Öffentlicher Dienst: Zwangsurlaub ist nicht die Lösung im Lockdown

„Es kann nicht die Lösung sein, öffentlich Bedienstete – wie Hilfspersonal der Schulen und Schulwarte – in den Urlaub zu schicken, sobald es einen Lockdown gibt“. Dies betont die Generalsekretärin der Fachgewerkschaft Angelika Hofer.

Der öffentliche Arbeitgeber hat es nicht geschafft, sich mit den Sozialpartner zusammen zu setzen, um gemeinsam die Arbeitszeit der Bediensteten während der Zeit des erneuten Lockdowns zu besprechen. Es geht dabei um die öffentlich Bediensteten, welche nicht in Smartworking arbeiten und welche nicht essentielle und unaufschiebbare Dienste leisten müssen.

Laut ÖD/FP muss eine einheitliche Handhabe bezüglich der Arbeitszeit vereinbart werden für die verordnete Abwesenheit des Personals am Arbeitsplatz, wie für das Hilfspersonal der Schulen, Schulwarte, für das Personal von Krankenhausabteilungen, welche geschlossen bzw. wo die Leistungen aufs Minimun reduziert worden sind.
„Es kann nicht sein, dass Bedienstete unkontrolliert in Urlaub geschickt werden, ohne welchen zur Verfügung zu haben, dass Bedienstete Minusstunden anhäufen müssen, ohne klare Handhabe“, betont Hofer.

Die Arbeitszeit und die damit zusammenhängenden Maßnahmen sind kollektivvertragliche Bestimmungen und müssen mit den Sozialpartnern verhandelt werden. „Für uns absolut unverständlich ist das Stillschweigen, welches von der Generaldirektion ausgeht.
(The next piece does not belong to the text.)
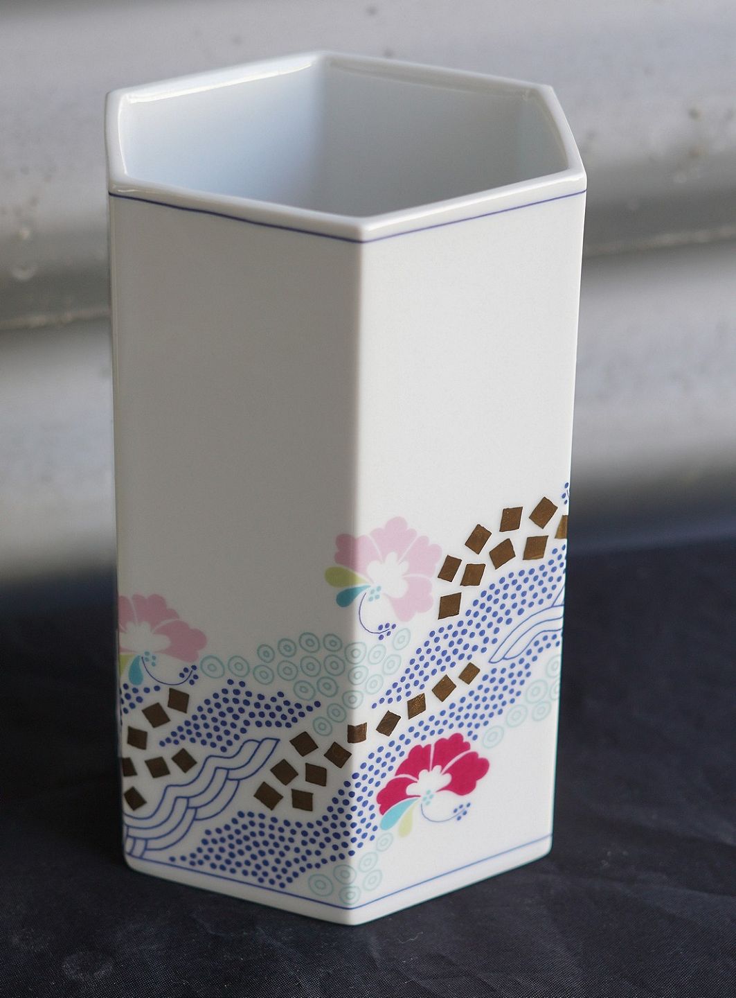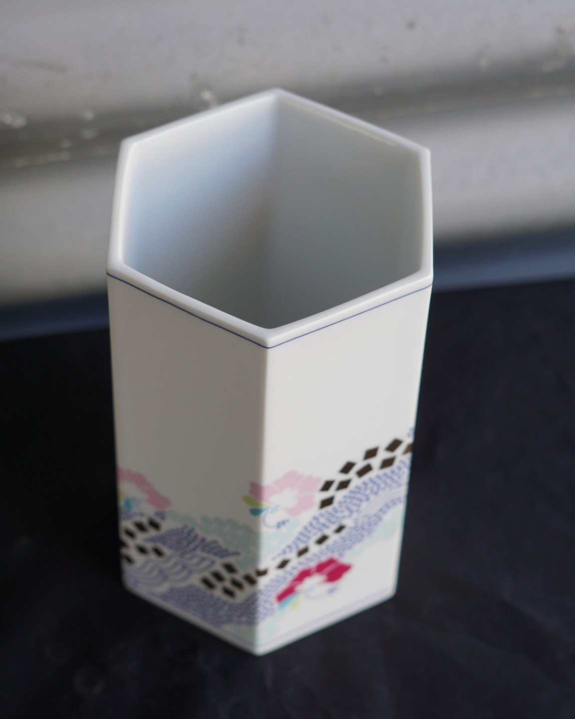 6-kantet vase (1827/5472). Porcelæn dekoreret med trykt motiv og guld
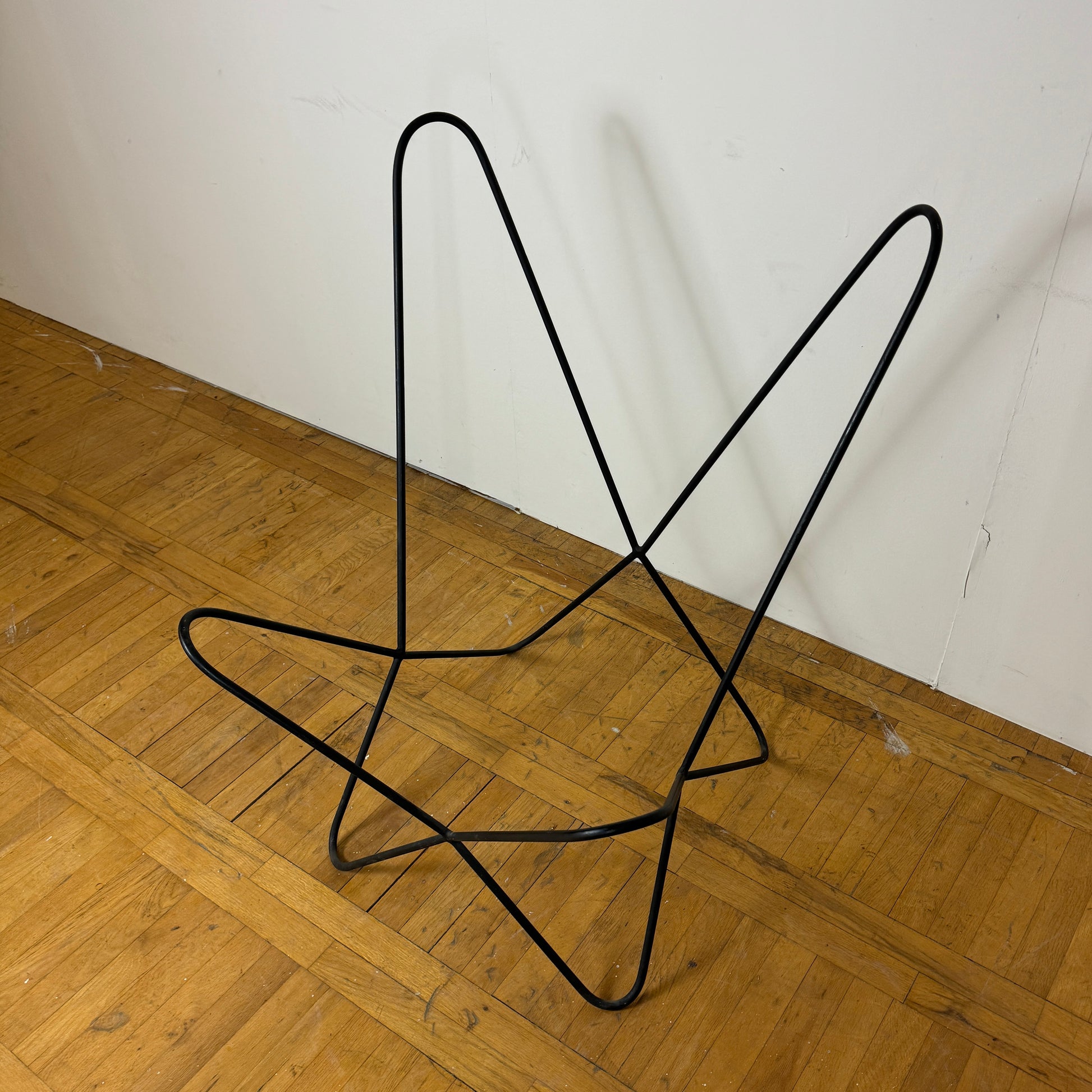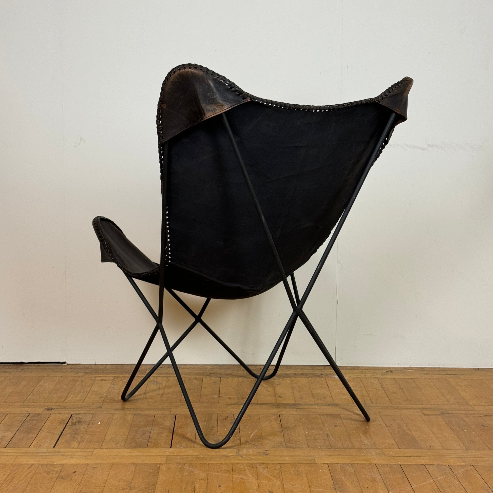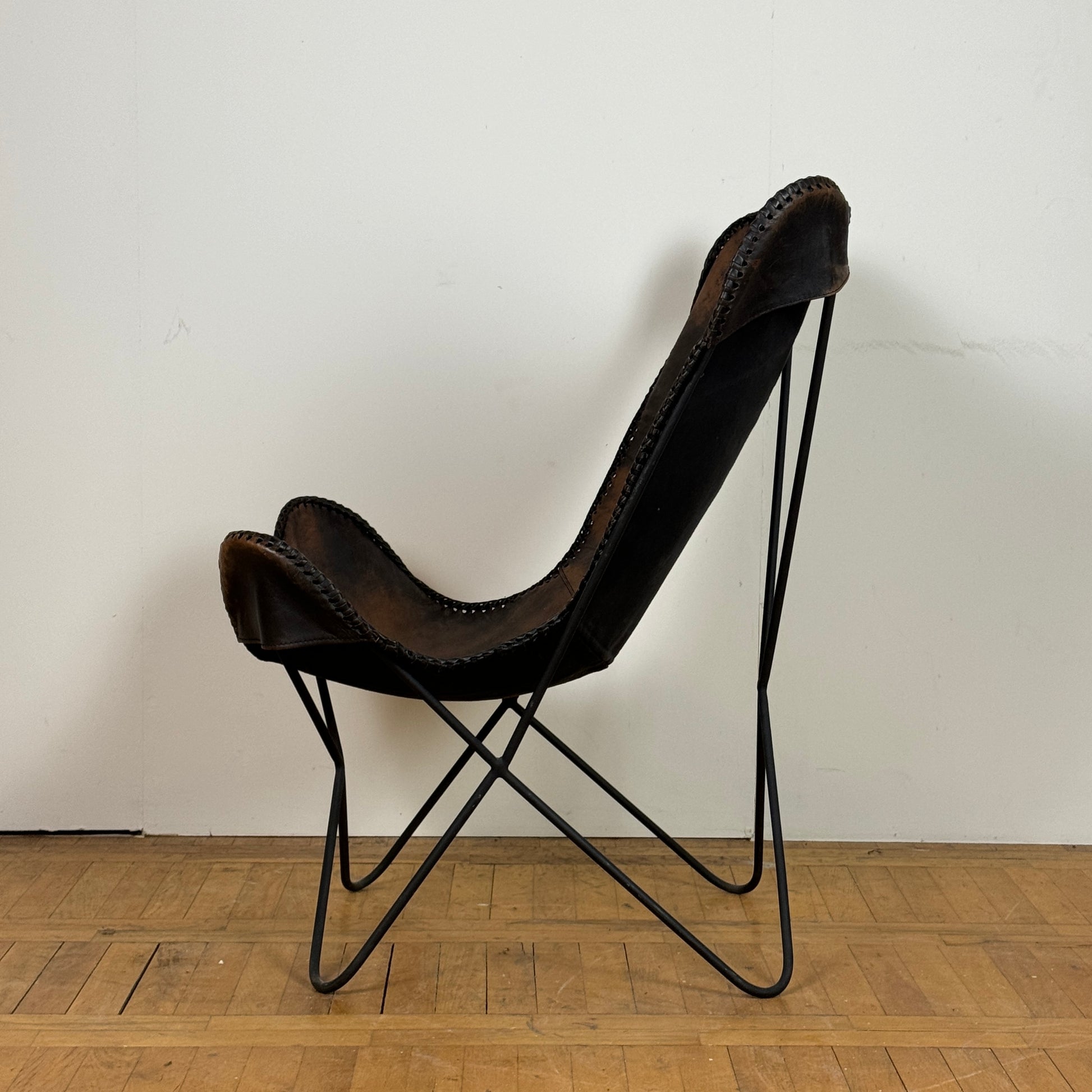 Vintage butterfly chair from the 1990s, featuring a black-painted steel frame and a genuine leather sling. This iconic design offers a practical, lightweight structure with exceptional comfort—perfect for both indoor and outdoor spaces with a modern, relaxed vibe.

Trotz schriftlicher Anfragen haben wir als Fachgewerkschaft Öffentlicher Dienst im AGB/CGIL keine Rückantworten erhalten. Anscheinend wird es nicht als notwendig erachtet, personalrelevante Themen mit den Sozialpartner zu besprechen“, sagt die Generalsekretärin in eine Aussendung abschließend.